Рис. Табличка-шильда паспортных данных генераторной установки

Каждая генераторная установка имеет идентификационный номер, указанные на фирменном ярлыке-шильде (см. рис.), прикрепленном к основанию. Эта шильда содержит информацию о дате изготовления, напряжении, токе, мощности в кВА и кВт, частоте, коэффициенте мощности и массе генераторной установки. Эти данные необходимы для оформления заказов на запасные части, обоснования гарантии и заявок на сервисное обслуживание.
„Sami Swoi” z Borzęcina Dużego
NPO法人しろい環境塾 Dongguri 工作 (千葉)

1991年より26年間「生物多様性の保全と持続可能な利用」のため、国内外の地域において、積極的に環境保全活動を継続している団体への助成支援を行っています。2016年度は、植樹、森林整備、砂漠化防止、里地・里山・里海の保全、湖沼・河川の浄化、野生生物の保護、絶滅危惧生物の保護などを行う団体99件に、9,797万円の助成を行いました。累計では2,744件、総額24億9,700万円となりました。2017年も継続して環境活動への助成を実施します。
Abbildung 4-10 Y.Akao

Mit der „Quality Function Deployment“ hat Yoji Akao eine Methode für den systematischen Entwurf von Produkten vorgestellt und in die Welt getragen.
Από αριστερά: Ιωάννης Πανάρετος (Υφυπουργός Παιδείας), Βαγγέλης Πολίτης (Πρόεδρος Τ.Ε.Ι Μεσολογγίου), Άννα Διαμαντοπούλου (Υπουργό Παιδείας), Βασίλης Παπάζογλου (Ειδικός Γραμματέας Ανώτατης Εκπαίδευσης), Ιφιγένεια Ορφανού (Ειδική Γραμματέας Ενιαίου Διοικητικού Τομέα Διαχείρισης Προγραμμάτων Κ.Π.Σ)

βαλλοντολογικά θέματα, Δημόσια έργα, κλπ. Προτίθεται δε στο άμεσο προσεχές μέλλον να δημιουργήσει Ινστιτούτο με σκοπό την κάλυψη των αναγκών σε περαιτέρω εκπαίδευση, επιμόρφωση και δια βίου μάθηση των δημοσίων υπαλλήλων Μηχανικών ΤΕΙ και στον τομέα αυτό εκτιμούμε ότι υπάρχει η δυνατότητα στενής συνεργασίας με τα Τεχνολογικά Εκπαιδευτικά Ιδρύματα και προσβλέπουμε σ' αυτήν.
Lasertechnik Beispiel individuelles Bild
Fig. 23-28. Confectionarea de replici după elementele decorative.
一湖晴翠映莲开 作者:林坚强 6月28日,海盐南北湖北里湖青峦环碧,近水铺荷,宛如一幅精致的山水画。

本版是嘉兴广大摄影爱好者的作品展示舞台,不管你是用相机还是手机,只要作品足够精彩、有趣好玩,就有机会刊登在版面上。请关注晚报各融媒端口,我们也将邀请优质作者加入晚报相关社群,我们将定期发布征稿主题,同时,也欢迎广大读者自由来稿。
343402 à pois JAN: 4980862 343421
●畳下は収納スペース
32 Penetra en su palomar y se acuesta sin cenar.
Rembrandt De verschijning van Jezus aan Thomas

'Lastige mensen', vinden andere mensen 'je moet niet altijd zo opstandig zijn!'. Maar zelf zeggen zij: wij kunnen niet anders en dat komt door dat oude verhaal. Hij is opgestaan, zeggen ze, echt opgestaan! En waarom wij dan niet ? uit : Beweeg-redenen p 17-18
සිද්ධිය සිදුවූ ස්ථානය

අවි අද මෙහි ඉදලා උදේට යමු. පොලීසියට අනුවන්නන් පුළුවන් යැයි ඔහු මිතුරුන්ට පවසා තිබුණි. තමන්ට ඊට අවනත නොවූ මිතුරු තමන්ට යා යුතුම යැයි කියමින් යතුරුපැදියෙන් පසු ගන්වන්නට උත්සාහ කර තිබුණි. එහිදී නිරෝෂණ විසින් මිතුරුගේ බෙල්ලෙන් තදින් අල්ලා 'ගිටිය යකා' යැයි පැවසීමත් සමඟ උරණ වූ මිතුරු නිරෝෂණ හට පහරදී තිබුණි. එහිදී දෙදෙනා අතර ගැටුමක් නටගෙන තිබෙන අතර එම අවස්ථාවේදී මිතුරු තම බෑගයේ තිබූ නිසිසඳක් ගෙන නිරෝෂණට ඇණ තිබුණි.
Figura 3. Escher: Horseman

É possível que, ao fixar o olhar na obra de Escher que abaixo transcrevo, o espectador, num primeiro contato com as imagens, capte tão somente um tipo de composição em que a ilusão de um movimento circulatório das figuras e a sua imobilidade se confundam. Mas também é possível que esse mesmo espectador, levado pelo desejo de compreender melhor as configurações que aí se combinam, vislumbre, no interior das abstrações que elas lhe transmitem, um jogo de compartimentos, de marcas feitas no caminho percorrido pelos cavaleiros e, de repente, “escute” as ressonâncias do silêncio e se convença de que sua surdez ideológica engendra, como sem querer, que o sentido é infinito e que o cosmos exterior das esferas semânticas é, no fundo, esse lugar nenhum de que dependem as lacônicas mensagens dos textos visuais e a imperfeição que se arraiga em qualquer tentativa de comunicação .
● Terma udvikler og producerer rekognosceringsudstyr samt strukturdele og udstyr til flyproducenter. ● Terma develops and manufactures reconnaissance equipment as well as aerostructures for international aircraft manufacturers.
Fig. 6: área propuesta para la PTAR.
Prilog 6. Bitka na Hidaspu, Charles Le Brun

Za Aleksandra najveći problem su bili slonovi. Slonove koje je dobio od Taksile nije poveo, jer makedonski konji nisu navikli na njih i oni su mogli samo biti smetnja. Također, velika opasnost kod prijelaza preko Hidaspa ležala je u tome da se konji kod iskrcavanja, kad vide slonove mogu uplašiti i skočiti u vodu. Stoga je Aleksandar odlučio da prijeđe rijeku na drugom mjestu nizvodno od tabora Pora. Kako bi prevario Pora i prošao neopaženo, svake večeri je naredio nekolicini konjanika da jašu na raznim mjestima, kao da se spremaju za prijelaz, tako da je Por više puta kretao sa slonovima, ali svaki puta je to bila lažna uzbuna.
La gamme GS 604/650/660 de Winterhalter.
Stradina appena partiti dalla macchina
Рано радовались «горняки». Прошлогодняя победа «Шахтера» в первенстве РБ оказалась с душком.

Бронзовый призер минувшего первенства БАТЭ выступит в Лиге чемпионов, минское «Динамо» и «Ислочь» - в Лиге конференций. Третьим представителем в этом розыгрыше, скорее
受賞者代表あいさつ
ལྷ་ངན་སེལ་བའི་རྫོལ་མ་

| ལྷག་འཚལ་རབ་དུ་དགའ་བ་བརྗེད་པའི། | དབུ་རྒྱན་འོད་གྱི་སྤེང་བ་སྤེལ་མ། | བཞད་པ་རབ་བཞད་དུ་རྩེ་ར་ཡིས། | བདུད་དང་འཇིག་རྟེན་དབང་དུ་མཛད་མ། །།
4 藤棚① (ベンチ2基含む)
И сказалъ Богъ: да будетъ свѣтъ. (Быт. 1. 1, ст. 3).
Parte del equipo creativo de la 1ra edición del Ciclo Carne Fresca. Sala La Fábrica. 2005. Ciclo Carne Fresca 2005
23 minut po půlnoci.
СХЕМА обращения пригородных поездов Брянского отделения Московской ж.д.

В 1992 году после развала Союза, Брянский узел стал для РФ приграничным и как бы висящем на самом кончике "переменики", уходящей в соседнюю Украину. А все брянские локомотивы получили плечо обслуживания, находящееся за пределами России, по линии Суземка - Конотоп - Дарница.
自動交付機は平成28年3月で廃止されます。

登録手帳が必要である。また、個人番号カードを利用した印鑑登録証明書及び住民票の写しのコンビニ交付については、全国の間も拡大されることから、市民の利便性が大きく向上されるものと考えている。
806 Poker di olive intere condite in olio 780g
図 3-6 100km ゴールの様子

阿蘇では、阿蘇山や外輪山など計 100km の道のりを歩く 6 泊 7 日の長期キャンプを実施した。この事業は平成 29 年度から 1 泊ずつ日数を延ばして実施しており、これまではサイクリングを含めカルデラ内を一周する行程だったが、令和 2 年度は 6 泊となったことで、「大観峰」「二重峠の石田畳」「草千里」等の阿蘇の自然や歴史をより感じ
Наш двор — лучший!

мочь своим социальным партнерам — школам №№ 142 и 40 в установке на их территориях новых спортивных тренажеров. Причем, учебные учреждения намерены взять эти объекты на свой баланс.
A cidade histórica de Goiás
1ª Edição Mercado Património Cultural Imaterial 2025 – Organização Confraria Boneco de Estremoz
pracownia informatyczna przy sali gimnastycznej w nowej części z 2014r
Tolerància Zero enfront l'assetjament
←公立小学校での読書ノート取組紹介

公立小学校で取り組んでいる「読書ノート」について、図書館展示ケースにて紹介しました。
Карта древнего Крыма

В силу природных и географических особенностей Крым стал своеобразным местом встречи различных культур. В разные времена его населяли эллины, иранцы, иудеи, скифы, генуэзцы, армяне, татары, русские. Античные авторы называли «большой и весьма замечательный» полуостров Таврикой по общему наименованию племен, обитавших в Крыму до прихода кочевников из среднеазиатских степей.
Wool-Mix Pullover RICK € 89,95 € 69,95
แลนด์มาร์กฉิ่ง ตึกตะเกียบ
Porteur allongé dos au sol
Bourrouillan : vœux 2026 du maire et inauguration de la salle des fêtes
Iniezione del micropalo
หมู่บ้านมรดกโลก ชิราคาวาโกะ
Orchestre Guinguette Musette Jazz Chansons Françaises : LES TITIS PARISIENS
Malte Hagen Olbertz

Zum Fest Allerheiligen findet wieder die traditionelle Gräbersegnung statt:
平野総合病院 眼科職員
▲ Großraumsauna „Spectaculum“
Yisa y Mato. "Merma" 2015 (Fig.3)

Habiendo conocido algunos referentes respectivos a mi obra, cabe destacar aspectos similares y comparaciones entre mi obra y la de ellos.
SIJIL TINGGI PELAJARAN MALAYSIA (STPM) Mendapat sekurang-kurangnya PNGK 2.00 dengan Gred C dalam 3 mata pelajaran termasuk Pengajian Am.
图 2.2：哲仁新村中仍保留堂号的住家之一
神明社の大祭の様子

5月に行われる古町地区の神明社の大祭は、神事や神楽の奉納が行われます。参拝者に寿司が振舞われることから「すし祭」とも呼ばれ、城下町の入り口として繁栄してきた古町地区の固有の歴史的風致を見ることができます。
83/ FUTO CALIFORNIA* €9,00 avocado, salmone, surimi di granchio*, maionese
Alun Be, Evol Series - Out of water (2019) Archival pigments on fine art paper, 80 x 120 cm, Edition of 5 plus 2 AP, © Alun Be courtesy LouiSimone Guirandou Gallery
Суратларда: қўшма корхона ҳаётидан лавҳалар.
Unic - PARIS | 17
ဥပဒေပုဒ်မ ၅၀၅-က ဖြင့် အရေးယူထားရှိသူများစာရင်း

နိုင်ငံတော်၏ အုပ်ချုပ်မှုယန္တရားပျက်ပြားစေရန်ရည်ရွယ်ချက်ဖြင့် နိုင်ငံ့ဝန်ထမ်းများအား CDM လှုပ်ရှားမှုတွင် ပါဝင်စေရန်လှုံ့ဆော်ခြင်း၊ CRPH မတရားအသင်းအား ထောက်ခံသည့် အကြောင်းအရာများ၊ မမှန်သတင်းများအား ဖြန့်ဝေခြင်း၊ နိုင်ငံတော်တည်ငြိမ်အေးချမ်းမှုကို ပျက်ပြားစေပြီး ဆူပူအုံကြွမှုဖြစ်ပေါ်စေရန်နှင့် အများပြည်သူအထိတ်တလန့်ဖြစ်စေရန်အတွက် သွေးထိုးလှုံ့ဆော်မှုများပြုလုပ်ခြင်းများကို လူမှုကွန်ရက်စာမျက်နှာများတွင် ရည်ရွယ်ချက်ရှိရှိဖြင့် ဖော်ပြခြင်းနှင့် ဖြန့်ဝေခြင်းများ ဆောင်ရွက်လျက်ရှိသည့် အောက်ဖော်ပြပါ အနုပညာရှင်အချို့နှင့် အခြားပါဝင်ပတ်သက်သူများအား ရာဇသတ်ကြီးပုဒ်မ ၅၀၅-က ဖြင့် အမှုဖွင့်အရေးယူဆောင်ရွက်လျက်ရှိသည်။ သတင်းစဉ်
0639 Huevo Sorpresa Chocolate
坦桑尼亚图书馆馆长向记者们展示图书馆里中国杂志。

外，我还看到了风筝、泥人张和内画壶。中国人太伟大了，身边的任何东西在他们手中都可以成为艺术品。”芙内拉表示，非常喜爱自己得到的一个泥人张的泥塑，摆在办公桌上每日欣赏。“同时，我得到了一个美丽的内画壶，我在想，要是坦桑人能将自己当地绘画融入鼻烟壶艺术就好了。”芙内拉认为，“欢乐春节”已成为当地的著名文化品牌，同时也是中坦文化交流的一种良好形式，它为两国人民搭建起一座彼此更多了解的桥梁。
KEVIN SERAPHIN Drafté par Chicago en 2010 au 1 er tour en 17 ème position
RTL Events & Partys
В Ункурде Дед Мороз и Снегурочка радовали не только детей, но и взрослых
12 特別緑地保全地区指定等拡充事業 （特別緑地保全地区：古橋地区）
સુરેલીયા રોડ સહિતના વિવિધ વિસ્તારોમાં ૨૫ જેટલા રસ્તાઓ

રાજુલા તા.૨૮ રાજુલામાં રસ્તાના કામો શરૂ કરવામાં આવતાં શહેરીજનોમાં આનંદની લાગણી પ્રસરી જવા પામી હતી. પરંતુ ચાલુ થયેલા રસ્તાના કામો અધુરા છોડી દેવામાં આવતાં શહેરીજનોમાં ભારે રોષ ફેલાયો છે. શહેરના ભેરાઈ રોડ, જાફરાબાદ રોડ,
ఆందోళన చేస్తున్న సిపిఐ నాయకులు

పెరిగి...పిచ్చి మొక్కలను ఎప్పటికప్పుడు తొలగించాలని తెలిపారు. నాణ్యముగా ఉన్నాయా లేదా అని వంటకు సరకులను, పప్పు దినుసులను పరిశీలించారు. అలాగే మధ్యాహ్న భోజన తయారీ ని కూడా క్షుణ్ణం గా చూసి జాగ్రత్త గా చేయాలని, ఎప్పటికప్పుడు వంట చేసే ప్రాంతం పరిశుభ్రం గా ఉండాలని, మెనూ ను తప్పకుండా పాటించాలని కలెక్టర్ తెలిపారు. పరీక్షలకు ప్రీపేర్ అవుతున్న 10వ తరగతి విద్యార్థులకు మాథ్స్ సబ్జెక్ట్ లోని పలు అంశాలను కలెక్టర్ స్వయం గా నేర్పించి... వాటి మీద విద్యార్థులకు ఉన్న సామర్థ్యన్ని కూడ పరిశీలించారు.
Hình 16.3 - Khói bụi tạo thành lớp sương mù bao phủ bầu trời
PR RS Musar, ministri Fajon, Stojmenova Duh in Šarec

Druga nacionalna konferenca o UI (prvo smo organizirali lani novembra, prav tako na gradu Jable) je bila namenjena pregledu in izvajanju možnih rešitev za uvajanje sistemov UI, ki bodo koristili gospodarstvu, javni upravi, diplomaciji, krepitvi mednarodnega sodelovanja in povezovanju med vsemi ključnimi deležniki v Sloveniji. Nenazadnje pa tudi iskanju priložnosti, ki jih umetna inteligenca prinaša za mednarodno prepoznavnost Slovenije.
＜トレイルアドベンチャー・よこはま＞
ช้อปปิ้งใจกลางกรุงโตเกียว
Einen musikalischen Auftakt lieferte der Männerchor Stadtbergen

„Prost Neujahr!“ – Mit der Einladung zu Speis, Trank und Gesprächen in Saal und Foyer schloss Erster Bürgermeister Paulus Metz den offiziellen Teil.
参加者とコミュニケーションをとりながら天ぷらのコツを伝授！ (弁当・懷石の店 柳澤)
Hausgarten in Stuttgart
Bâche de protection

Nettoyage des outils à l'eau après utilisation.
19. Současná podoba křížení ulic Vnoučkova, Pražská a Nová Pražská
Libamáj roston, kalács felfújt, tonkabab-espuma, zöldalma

Work instruction
Looking at the material above, please copy exactly every line from its first line through the line containing "Fig. 23-28. Confectionarea", with both ends included and nothing else.

Answer
Рис. Табличка-шильда паспортных данных генераторной установки

Каждая генераторная установка имеет идентификационный номер, указанные на фирменном ярлыке-шильде (см. рис.), прикрепленном к основанию. Эта шильда содержит информацию о дате изготовления, напряжении, токе, мощности в кВА и кВт, частоте, коэффициенте мощности и массе генераторной установки. Эти данные необходимы для оформления заказов на запасные части, обоснования гарантии и заявок на сервисное обслуживание.
„Sami Swoi” z Borzęcina Dużego
NPO法人しろい環境塾 Dongguri 工作 (千葉)

1991年より26年間「生物多様性の保全と持続可能な利用」のため、国内外の地域において、積極的に環境保全活動を継続している団体への助成支援を行っています。2016年度は、植樹、森林整備、砂漠化防止、里地・里山・里海の保全、湖沼・河川の浄化、野生生物の保護、絶滅危惧生物の保護などを行う団体99件に、9,797万円の助成を行いました。累計では2,744件、総額24億9,700万円となりました。2017年も継続して環境活動への助成を実施します。
Abbildung 4-10 Y.Akao

Mit der „Quality Function Deployment“ hat Yoji Akao eine Methode für den systematischen Entwurf von Produkten vorgestellt und in die Welt getragen.
Από αριστερά: Ιωάννης Πανάρετος (Υφυπουργός Παιδείας), Βαγγέλης Πολίτης (Πρόεδρος Τ.Ε.Ι Μεσολογγίου), Άννα Διαμαντοπούλου (Υπουργό Παιδείας), Βασίλης Παπάζογλου (Ειδικός Γραμματέας Ανώτατης Εκπαίδευσης), Ιφιγένεια Ορφανού (Ειδική Γραμματέας Ενιαίου Διοικητικού Τομέα Διαχείρισης Προγραμμάτων Κ.Π.Σ)

βαλλοντολογικά θέματα, Δημόσια έργα, κλπ. Προτίθεται δε στο άμεσο προσεχές μέλλον να δημιουργήσει Ινστιτούτο με σκοπό την κάλυψη των αναγκών σε περαιτέρω εκπαίδευση, επιμόρφωση και δια βίου μάθηση των δημοσίων υπαλλήλων Μηχανικών ΤΕΙ και στον τομέα αυτό εκτιμούμε ότι υπάρχει η δυνατότητα στενής συνεργασίας με τα Τεχνολογικά Εκπαιδευτικά Ιδρύματα και προσβλέπουμε σ' αυτήν.
Lasertechnik Beispiel individuelles Bild
Fig. 23-28. Confectionarea de replici după elementele decorative.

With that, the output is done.